Non, ce qui lasse malheureusement, ce sont les phases d’action en véhicule, bien trop nombreuses. Outre les nombreux objectifs secondaires qui feront appel à votre destrier (énigmes du Riddler, course-poursuites de véhicules blindés, passages à débloquer avec le treuil, objets à détruire avec le canon, arènes avec tanks à détruire), le jeu s’en sert aussi allègrement en mode histoire, entre passages souterrains avec accès à débloquer, éléments à détruire avec le canon ou le treuil ou encore une fois combats en mini-arènes avec une quarantaine de tanks à détruire. Ce sont ces derniers qui enfoncent le clou, avec des séquences bien trop longues et bourrines qui, si elles sont rigolotes au début, deviennent vite rébarbatives et contradictoires avec ce que devrait être Batman. Fort heureusement, elles ne sont pas si nombreuses que ça (en mettant les missions annexes de côté). On aurait aimé plus de phases « voiture » pour les poursuites, clairement réussies, plutôt que des phases « tanks » où le chaos et la folie destructrice sont de mise.

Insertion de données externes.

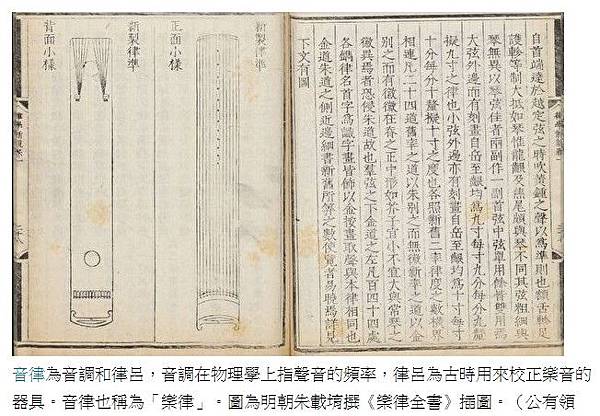 音律為音調和律呂,音調在物理學上指聲音的頻率,律呂為古時用來校正樂音的器具。音律也稱為「樂律」。圖為明朝朱載堉撰《樂律全書》插圖。(公有領域)

L’une des bonnes surprises du titre – un des points auxquels je ne m’attendais pas – c’est son histoire et les thèmes traités. Autant être clair, l’histoire en elle-même, les péripéties et la progression de l’aventure, n’est pas des plus efficaces ni extrêmement réussie : les twists et les révélations tombent un peu à plat. L’identité du fameux Arkham Knight, relancée durant toute l’histoire, est grillée dès les deux premières heures de jeu si on connaît un tant soit peu les comics Batman. Mais ce qui marche dans le jeu, c’est tout le traitement du personnage de Batman et ce qui est véhiculé durant le jeu. Pas question de spoiler ici, mais la manière dont le jeu est mis en scène est extrêmement ingénieuse et renvoie aux meilleures séquences étranges de Arkham Asylum, éléments un peu oubliés sur le Arkham City. Effets de caméra, changements de points de vue, certaines séquences fonctionnent extrêmement bien et se servent à merveille du support du jeu vidéo pour raconter d’une autre manière les thèmes fort de Batman et de son personnage : son statut de légende, d’icône au sein de Gotham et son rapport à la Bat-Family, en mettant tous les personnages secondaires au centre de l’histoire, que ce soit Gordon, Oracle ou Robin et en s’en servant comme moteur pour raconter cette longue nuit en enfer. Les références aux comics pleuvent dans tous les sens, et les fans en auront pour leur argent. On notera même certaines similarités dans les thèmes avec les films de Nolan, c’est pour dire. Et il vous faudra terminer tous les objectifs annexes pour révéler la vraie fin du jeu, qui clôturera comme il se doit une trilogie qui se termine en apothéose. Le jeu se permet en outre une plus grande fluidité dans son déroulement. Les gros niveaux intérieurs laissent la place à un découpage plus naturel, oscillant entre des niveaux directement dans le hub principal du jeu et des décors plus fermés mais relativement petits. Les boss sont quasi absents mais ce que le jeu perd en séquence forte avec les vilains, il le gagne en maîtrise de storytelling à tous les niveaux.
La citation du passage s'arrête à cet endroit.